BBQ Joints of Maine

On the lookout for the signs, sauce, and smoke of barbecue in Maine—a southerner’s pursuit in New England. This is going to be messy, hopefully. 

I didn’t expect to find barbecue here. Not the ribs and pulled pork of the South, where I grew up and know to pull into barbecue shacks and parlors when the smoke’s rising—to order a plate of the peppery-vinegar barbecue with sides like coleslaw, fried okra, and mac and cheese. My favorite Carolinas’ barbecue stops are in rural and remote places. These are typically open “barbecue hours,” only a couple days a week for the smoked butts or coveted “whole-hog” barbecue, along with homemade sides, and pitchers full of ice and tea that’s as sweet and dark as Maine maple syrup.

About a decade ago, the state of Maine itself began drawing me in with its sturdy, proud buildings (and people), the rural roads, and the rocky coast. Food-wise, Maine offers so much that’s delicious, you could almost forget about barbecue. That is, unless you’ve ever tasted pork that’s cooked slowly all through the night over wood coals. Location, tradition, and the cooking style of the pitmaster, are all part of the experience. However you describe it—tender, stringy, fatty (in the best ways), chopped, smoky—you simply can’t get over that kind of eating.

Destination barbecue

I crave barbecue and go looking for it sometimes. Other times, a barbecue place suddenly appears on the horizon like a mirage—or that’s how it feels when I’m driving in Maine and come across a BBQ sign or telltale smoke. That’s how it happened when a blizzard was blowing on a February Friday last year in Presque Isle. Looking across a Mardens parking lot, I had to squint and re-focus when I thought I saw the red and blue of a Texas state flag in that white, wind-whipped scene. On second look, it’s a French Acadian flag above the Rib Truck. (This far north, we’re just a few miles from Canada.) Cars and trucks are pulling up one by one to roll down a window or hop out and pay for orders. Soon my own gloved hand is wrapped around a steaming “Pulled Pork Parfait,” a to-go cup filled with baked beans and pulled pork that’s drizzled in barbecue sauce. Layering the three ingredients together is smoky brilliance.

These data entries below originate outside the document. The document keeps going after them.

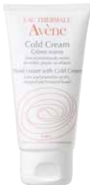
(1) Cold Cream Creme de Mãos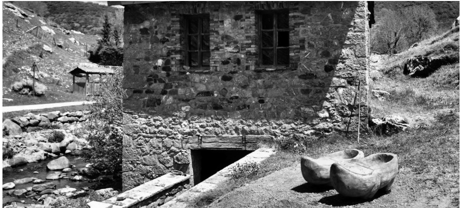
Los madreñones de Casasuertes.

Me deja dubitativo un momento, entre sorprendido y seguro de ser objeto de una broma. Fui hace tiempo a Casasuertes en invierno a registrar la población existente para el libro que después fue publicado: “Censo de Invierno”. Solo quedaba allí un matrimonio que sumaba más de ciento cincuenta años. Apegados a la tierra,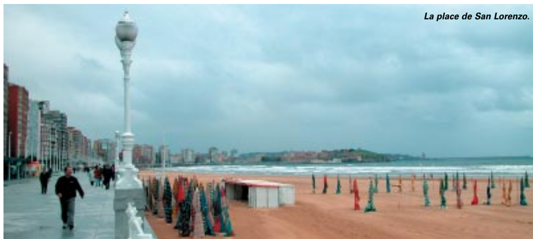
La place de San Lorenzo.

a marqué l'histoire de Gijón depuis des millénaires. Port de la "ruta de la plata" – la "route de l'argent", construite par les Romains, qui la relie à Séville – la ville conserve des traces de son passé. En particulier, l'une des principales fortifications du nord de l'Espagne, antérieure à 490 avant JC ainsi que des thermes datant de la fin du 1 er siècle avant JC. Au Moyen Âge, la ville est toujours occupée comme en témoignent ses églises romanes mais à la fin du XIV e siècle, Gijón est détruite dans sa presque totalité pendant la guerre qui oppose les deux camps prétendants à la couronne, les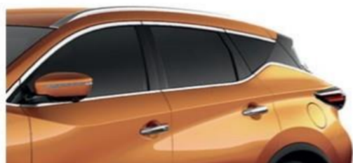
Оранжевый — EAW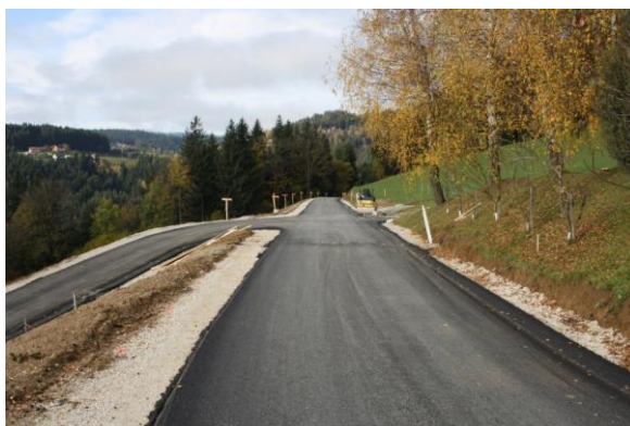
Slika 15: Cesta Božje

Pripravil: Andrej Furman, delovodja za komunalno infrastrukturo

Another sight I’ll never forget is the first view I had several years ago of the vintage, tangerine-orange trailer in Bethel that’s now Smokin’ Good BBQ (formerly BBQ Bob’s). Similarly, Spring Creek Bar-B-Q in Monson (on ME-15 on the way to Greenville) has a hand-painted sign, looks like a mix between a country store and a cabin, and is known for authentic, smoky pit barbecue and sides like Texas toast and deviled eggs. Then on a warm summer night on Mt. Desert Island, the scene looks like a backyard cookout around the sheds, truck-length wood smoker, and outdoor tables at Mainely Meat BBQ (at Atlantic Brewing Co.).

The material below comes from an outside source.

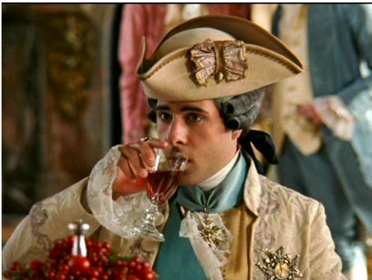
Slika 9. Scena iz filma „Marija Antoaneta“ na kojoj je vidljiva raskošna muška muda visokih slojeva društva 18. st. 14

Kraljica Marija Antoaneta na neki je način najreprezentativniji predstavnik mode tog vremena s obzirom na raskalašenost, dvorske intrige te lascivne zabave koje su joj se pripisivale i po kojima je ostala upamćena u povijesti. Posebno su za to doba karakteristična neobična oglavlja. Na taj način kroz formu na vidjelo izlazi umjetnička kreativna vještina koja manifestira ideju, stvaralaštvo, a osmišljeno oglavlje u sebi sadrži priču, tj. performans ili kompoziciju.

Each of these chance sightings and stops caught me off-guard at the time. Yet wood-fired cooking in Maine shouldn’t be surprising. Consider the yard-spanning stacks of firewood outside of homes and businesses, and traditions of cooking over campfires in the Maine woods. Fire and smoke are everywhere, from bread and pizza ovens to sugar shacks. (Maybe this is a stretch, but sometimes when I see the roofline of a maple sugaring shed, it looks like the vented rooftops of old-fashioned barbecue smokehouses in the Carolinas.) I’ve been fascinated to see remnants of Maine’s own deep history of smokehouses in places like Lubec, where the floorboards and timbers of pier buildings from the lost herring industry still hold the char and smell of decades of smoke.

In the South, people talk about “100-mile barbecue,” places that are so special and good, you’d drive 100 miles just to eat there. Last summer, we tried a Maine version—going to mostly small-town places over 100 miles north of Portland—but you’ve likely noticed that Portland, too, has barbecue. It can take less than 10 minutes from the Portland International Jetport to get to one of the newcomers, Salvage BBQ on Congress Street. I’ve made that beeline drive more than once to share the “Meat Coma” tray of pork ribs, brisket, and chopped pork, along with that quintessential Southern staple, collard greens.

Winterport blues

If Winterport was a sleepy Penobscot River town a few years ago, 4Points BBQ and Blues House appears to be changing that. These days, the colonial-style building fills with the sounds of live blues being played on weekend afternoons and nights. You know you’re getting close when you see the line of cars and Harley Davidsons parked along Route 1A. One of those bikes belongs to owner John Ramirez, who moved to Maine from Oklahoma, and quickly clarifies that his hometown was just a few miles from Texas. He contends that there “weren’t a whole lot of barbecue options in New England” when he opened in 2009. Ever since, he’s been refining the offerings, using local apple wood for cooking “for a milder smoky taste,” round aluminum pizza pans for serving, and adding outdoor seating and a stage for blues bands and concerts.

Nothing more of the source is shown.